First of all, the facts. Since 1956, the price of solar panels has come down with a factor of over seven thousand; and they are still falling. In each doubling of installed capacity, the price of solar panels falls by over 30%. This also holds true for wind power, batteries and electrolysers – although at a slower pace. In the meantime, the price of fossil fuels has more or less remained constant. Nuclear power stations, once a promise, tend to become more expensive all the time.

In contrast to this, almost all price scenarios on renewable energy tend to be much too pessimistic. For instance, about a third of the latest IPCC scenarios are based on a 2030 price for solar energy that was out of date in 2021 already. Moreover, the IPCC scenarios vastly underestimate the opportunities for the electrification of most services. As the costs of electricity fall, this will become the energy carrier of choice for many activities now powered by fossil fuels; like driving our cars, heating our homes and producing steam for our industries. The use of electrically powered heat pumps will rise enormously.

Logo renewable energy
Logo renewable energy by Melanie Maecker-Tursun, Wikimedia Commons.

Learning curve

So, mind you, in spite of major official reservations on the potential of renewable energy, this has made headway at an unprecedented pace. New applications come forward all the time. Like solar panels that lie flat on the ground (saving the costs of tilted scaffolds) or heat batteries powered by solar and wind power. And the end of this development is not in sight yet. We almost apply innovations faster than they are being developed.

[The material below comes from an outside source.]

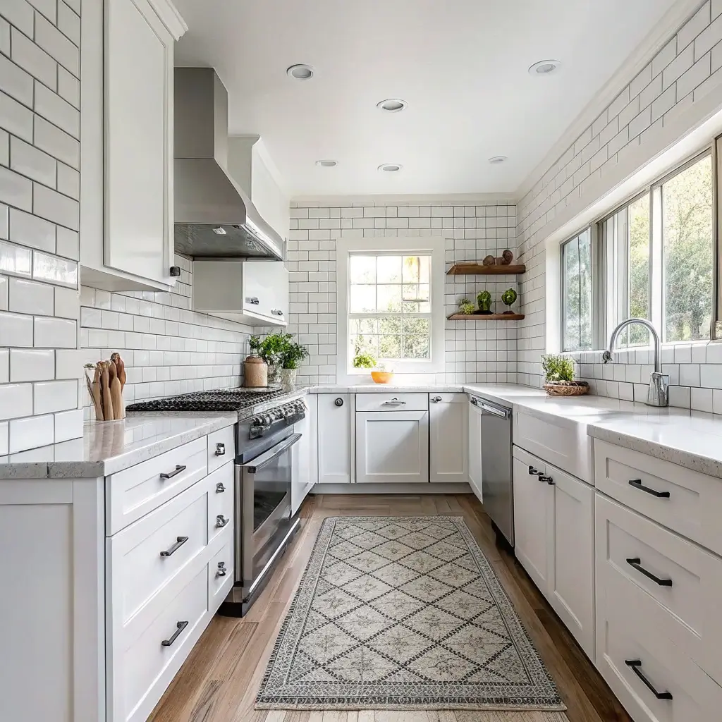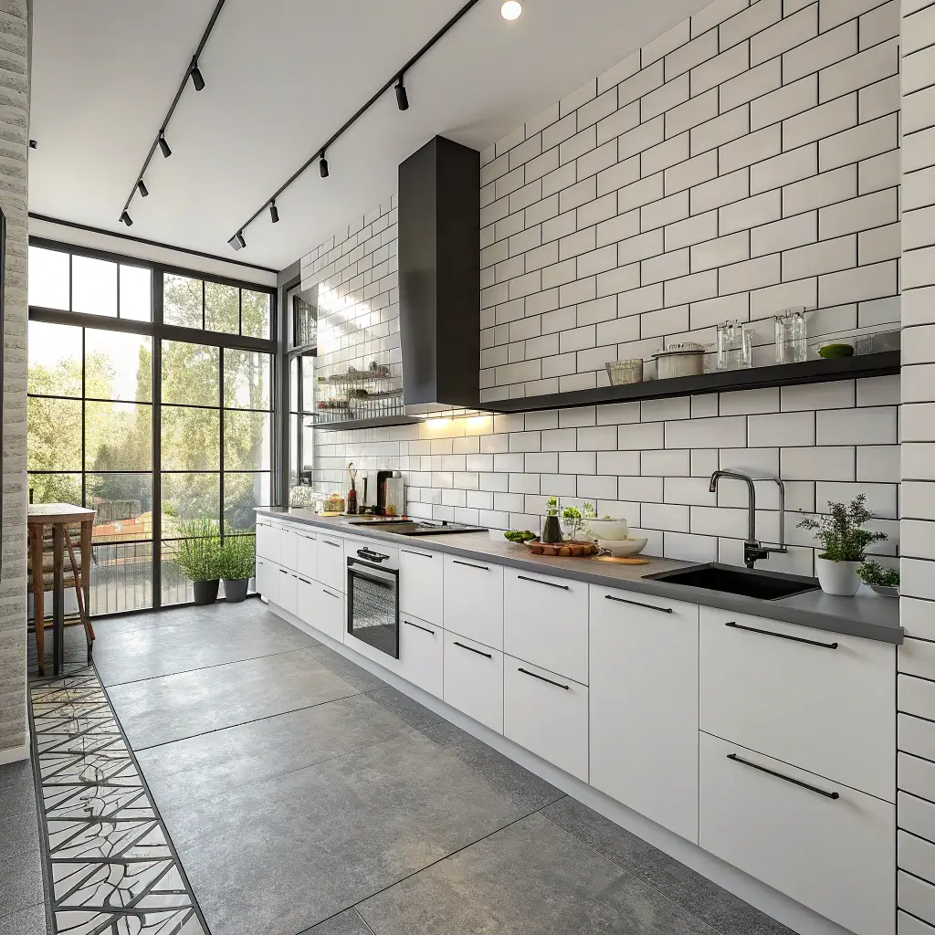 Real brick is a pain to install and maintain in a kitchen. Brick-style tiles give you all the charm with none of the hassle. Make sure you stagger the joints properly – nothing ruins the illusion faster than tiles that don’t line up like actual bricks would.

So far, the costs of solar energy follow Wright’s law. This holds that costs drop with a steady percentage as cumulative production rises. This relationship is also called an experience curve or learning curve. Costs fall as a function of our experience with the technology. For experience correlates with factors like level of effort and R&D. The authors of the Science Direct article derived their cost function from the experience with over 50 technologies. Why wouldn’t developments in other technologies hold for renewable energy? Their final conclusion: a greener, healthier, and safer global energy system is also likely to be cheaper (emphasis by the authors). Billions cheaper.

In short, what is holding us back? By 2050, we might have an energy system without fossil fuels. Maybe even earlier.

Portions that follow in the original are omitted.